The two main types are methylphenidate-based and amphetamine-based medications. Both block the reabsorption of dopamine and norepinephrine, increasing the availability of these chemicals at nerve connections. In the prefrontal cortex specifically, there are relatively few dopamine transporters, so the effect in this region may depend more on blocking norepinephrine transporters. The net result is improved concentration, reduced impulsivity, and better executive function.
Stimulants take effect quickly, often within an hour, and come in short-acting and extended-release formulations. Common side effects include reduced appetite, difficulty sleeping, and increased heart rate. Because stimulants have potential for misuse, they are classified as controlled substances.

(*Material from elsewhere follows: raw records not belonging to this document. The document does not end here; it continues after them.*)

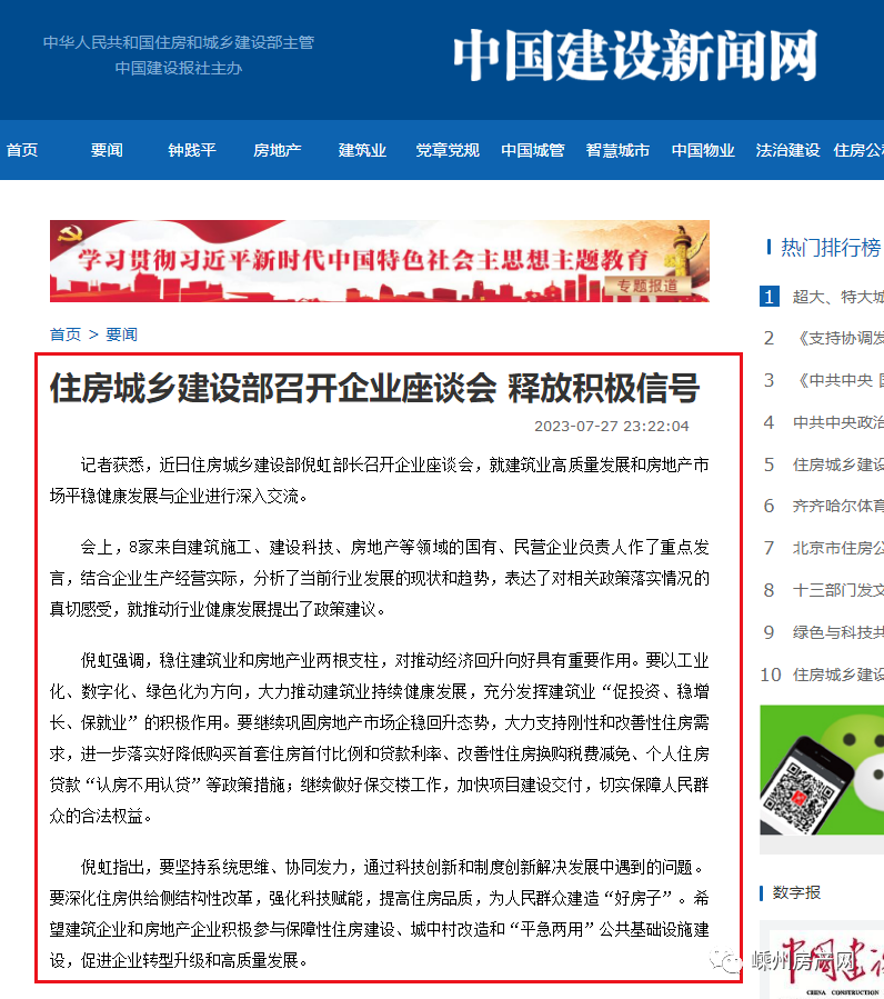 繼7月24日,官方釋放適時調(diào)整優(yōu)化房地產(chǎn)政策后,昨晚,住建局再發(fā)大招。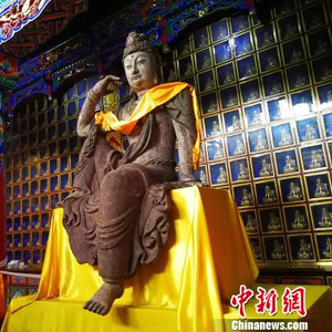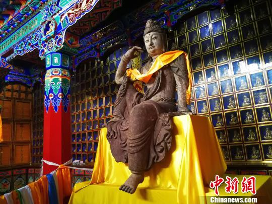 图为2016年从泰国迎请回国的世界范围内罕见的自在观音坐像。 张添福 摄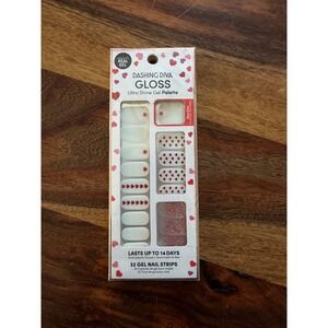 Dashing Diva Gloss Ultra Shine Gel Palette nail strip bundle provides salon-quality results without the dry time or soak-off removal. These chip-resistant strips are made with real gel for a high-shine finish that lasts up to 14 days. The set includes three distinct palettes: Light Hearted featuring romantic red hearts and pink glitter, Lapis Lazuli with deep navy tones and holographic mosaic accents, and Center Stage offering sophisticated burgundy, mauve, and plaid patterns. Each pack comes with a prep pad and nail file for easy application.
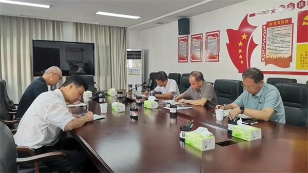 会长饶剑明、特聘专家何建辉、徐建文、特聘调研员颜斌、副秘书长黄余良等讨论专题调研工作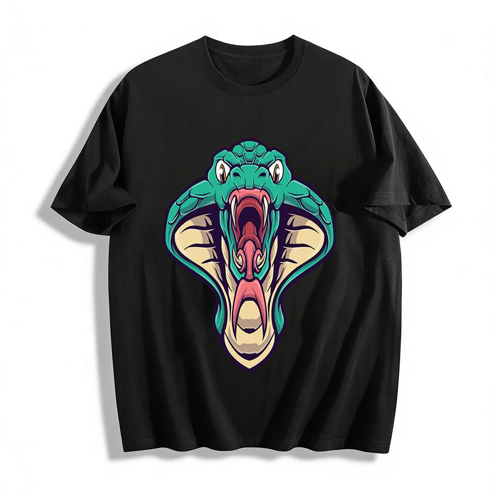 Wilder grüner Schlangenbrüll-Print Trendiger Streetstyle Lässiges T-Shirt Reines Baumwoll-T-Shirt

Stopping Psychotherapeutic Drugs Safely
One important reality that applies across nearly all psychotherapeutic drug classes is that stopping suddenly can cause problems. Discontinuation syndrome, a set of physical and psychological symptoms that emerge when a medication is stopped too quickly, is well-documented with antidepressants, benzodiazepines, and other psychotropic medications. Symptoms can include dizziness, nausea, irritability, sleep disruption, and sensory disturbances that are sometimes mistaken for a return of the original condition.
Despite how common this issue is, there is surprisingly little formal guidance on the best way to taper each class of medication. The general principle is gradual dose reduction over weeks or months rather than abrupt cessation, with the pace depending on how long you’ve been taking the medication, the dose, and the specific drug involved. People on low doses for short periods can sometimes stop without a taper, while those on higher doses or longer durations typically need a slower, more careful reduction.